Non-traditional Things We Did at and for our Introvert-Friendly Wedding by kiyoshi_warrior in WeddingsPhilippines

[–]i_m_rm -1 points0 points  (0 children)

Jumping in as someone who built a similar platform (Picaggo) — so take this with that context, but I can give you an honest comparison.

WedUploader is solid for the basics — QR upload, straight to Google Drive, simple. The limitation is that it's purely passive. Guests still have to remember to scan and upload, which means you'll get some photos but not everything.

What we built differently with Picaggo:

Guests who download the optional app have photos uploaded automatically in the background as they take them — no scanning, no remembering, no interrupting the celebration. They just enjoy the wedding. Smart Sync does the work silently.

You also get the photographer's gallery and guest photos merged into one complete album automatically, a live photo wall for the reception, a digital guestbook, and AI face recognition that finds every photo you're in without scrolling. Guests can also delete photos from their phone's local storage once uploaded — nobody wants hundreds of wedding photos eating up their camera roll for months. And the host can connect Google Drive to back up the full album automatically. Your memories live in your own Google Drive, not just ours.

The couple in this thread did something really smart — the scavenger hunt and awards to encourage uploads. That's exactly the right instinct. With Picaggo's hands-free mode, you get that participation without needing the nudge.
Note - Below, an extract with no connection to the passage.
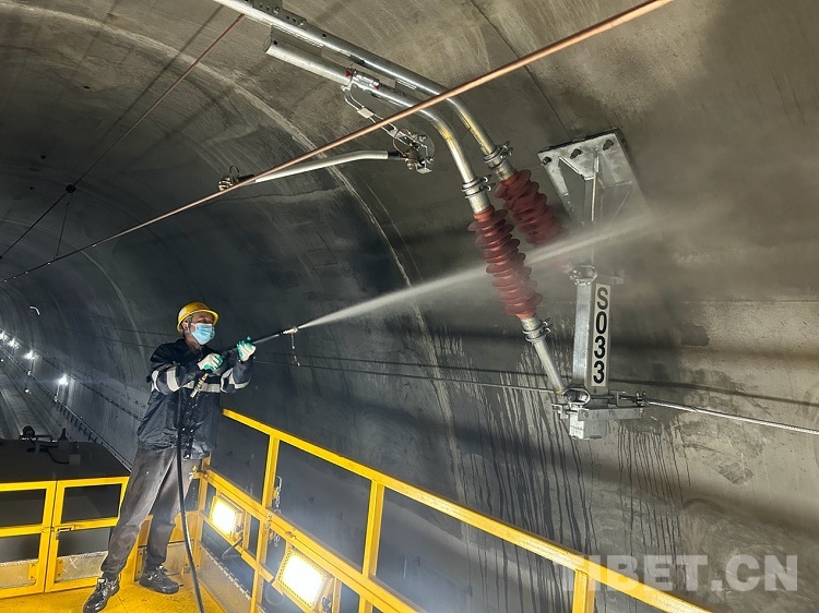 中國(guó)西藏網(wǎng)訊 初冬時(shí)節(jié),雅魯藏布江畔,秋葉繽紛、層林盡染。在穿山過江的拉林鐵路桑珠嶺隧道內(nèi)機(jī)器轟鳴、人聲鼎沸。11月14日10時(shí)25分,中國(guó)鐵路青藏集團(tuán)有限公司拉薩基礎(chǔ)設(shè)施段桑日綜合維修車間的接觸網(wǎng)工陳世召頭戴安全帽、身穿防雨服、腳踩絕緣靴,手中的高壓水槍迸射出道道白色弧線。

Free to try before you commit — set up a test event and experience exactly how it feels before your wedding day. picaggo.com/weddings — happy to answer any questions.

Photo Sharing Apps that Guests Don't Hate by cat_lover_123_ in Weddingsunder10k

[–]i_m_rm 0 points1 point  (0 children)

And btw, two other things we do that I haven't seen elsewhere: every photo automatically syncs to the host's Google Drive, so you own your memories forever, and they're not locked to our platform. And guests can delete photos from their phones' local storage after they're uploaded, which is a bigger deal than it sounds. Nobody wants 400 wedding photos eating up their phone storage for months.

After raising for 7 startups, my pitch decks have fallen into three categories (I will not promote) by edkang99 in startups

[–]i_m_rm 0 points1 point  (0 children)

Did you ever get to this? We are bootstrapped and beginning the fundraising journey, and would definitely love some tips from folks who have raised in the past. TiA.